MCP Server Knowledge Engine
Transforms PDF collections into a searchable knowledge base using TF-IDF indexing and proximity matching. It enables users to search documents, retrieve specific page content, and manage document libraries through natural language via MCP clients.
README
MCP Server Knowledge Engine
A powerful Model Context Protocol (MCP) server that transforms any PDF document collection into an intelligent, searchable knowledge base accessible through Claude Desktop.

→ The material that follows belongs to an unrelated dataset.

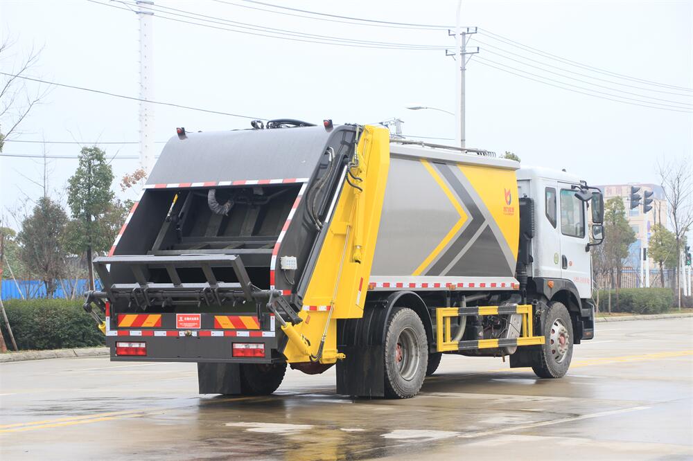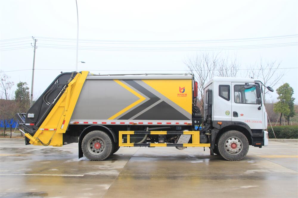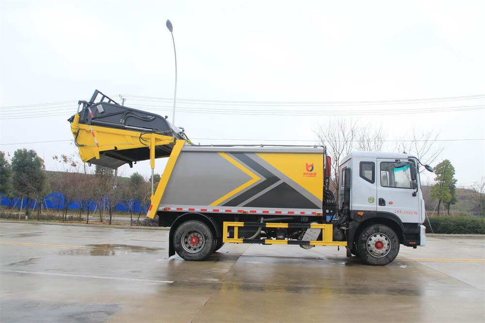上裝配置:垃圾箱容積:12方,新款平面弧形廂體,廂體材料為武鋼優質碳鋼,PLC一鍵操作**,手電一體操作模式,兩側雙電控,帶駕駛室內操作,底板支撐加強,雙向壓縮,開放式易清潔污水箱。壓縮式垃圾車采用機電液一體化技術,借助機、電、液聯合自動**系統、電腦**、手動操作系統,通過填裝器和推鏟等專用裝置,實現垃圾倒入、壓碎或壓扁、強力裝填,把垃圾擠入車廂并壓實和推卸,污水全部進入污水廂,解決了垃圾運輸過程中的二次污染的問題。壓縮式垃圾車具有自動反復壓縮以及蠕動壓縮功能,壓縮比高、密封性好、裝載量大﹑操作方便、環保性好﹑整車利用功率高等優點。作業自動化,垃圾收集方式簡便、高效。后翻轉機構選裝:1、掛塑料桶式翻轉機構;2、掛鐵桶式翻轉機構;3、擺臂式翻轉機構; 4、簸箕斗式翻轉機構。

This server features advanced search capabilities using TF-IDF scoring, proximity matching, and domain-specific optimization.
🌟 Key Features
- 🔍 Advanced Search Engine: TF-IDF-based inverted index with proximity matching for highly relevant results
- 📄 Universal PDF Support: Process any PDF collection - technical docs, legal papers, research, and more
- ⚡ High Performance: Cached search index, incremental processing, and background initialization
- 🎯 Domain Optimization: Configure domain-specific keywords for enhanced search accuracy
- ⚙️ Fully Configurable: JSON-based configuration with environment variable support
- 🛠️ Comprehensive CLI: Complete server management through intuitive commands
- 🔗 Seamless MCP Integration: Ready-to-use with Claude Desktop, VS Code, and other MCP clients
- 📊 Smart Caching: MD5 hash-based change detection for efficient updates
📋 Quick Start
Prerequisites
- Python 3.8 or higher
- pip (Python package manager)
- Claude Desktop app (for MCP integration)
1. Installation
# Clone the repository
git clone https://github.com/lhstorm/mcp_server_knowledge_engine.git
cd mcp_server_knowledge_engine
# Create virtual environment (recommended)
python -m venv venv
source venv/bin/activate # On Windows: venv\Scripts\activate
# Install dependencies
pip install -r requirements.txt
2. Create Your Server
# Interactive setup
python manage_server.py create-config
# This will ask you for:
# - Server name (e.g., 'legal-docs-server')
# - Display name (e.g., 'Legal Documents Server')
# - PDF folder location
# - Domain-specific keywords
3. Add PDF Documents
# Add individual PDFs
python manage_server.py add-pdf /path/to/document.pdf
python manage_server.py add-pdf /path/to/another-doc.pdf
# Or copy PDFs directly to your configured folder
4. Process Documents
# Convert PDFs to searchable format
python manage_server.py process-pdfs
5. Generate MCP Configuration
# Generate configuration for Claude Desktop
python generate_mcp_config.py --merge
# Or get the config to copy manually
python generate_mcp_config.py
6. Start Using with Claude
Restart Claude Desktop and your server will appear in the MCP tools menu!
💬 Using with Claude Desktop
Once configured, you can interact with your PDFs naturally:
Example prompts:
- "Search for information about [topic] in the documentation"
- "What does the documentation say about [specific feature]?"
- "Find all references to [keyword] across all PDFs"
- "Show me the content of [document name]"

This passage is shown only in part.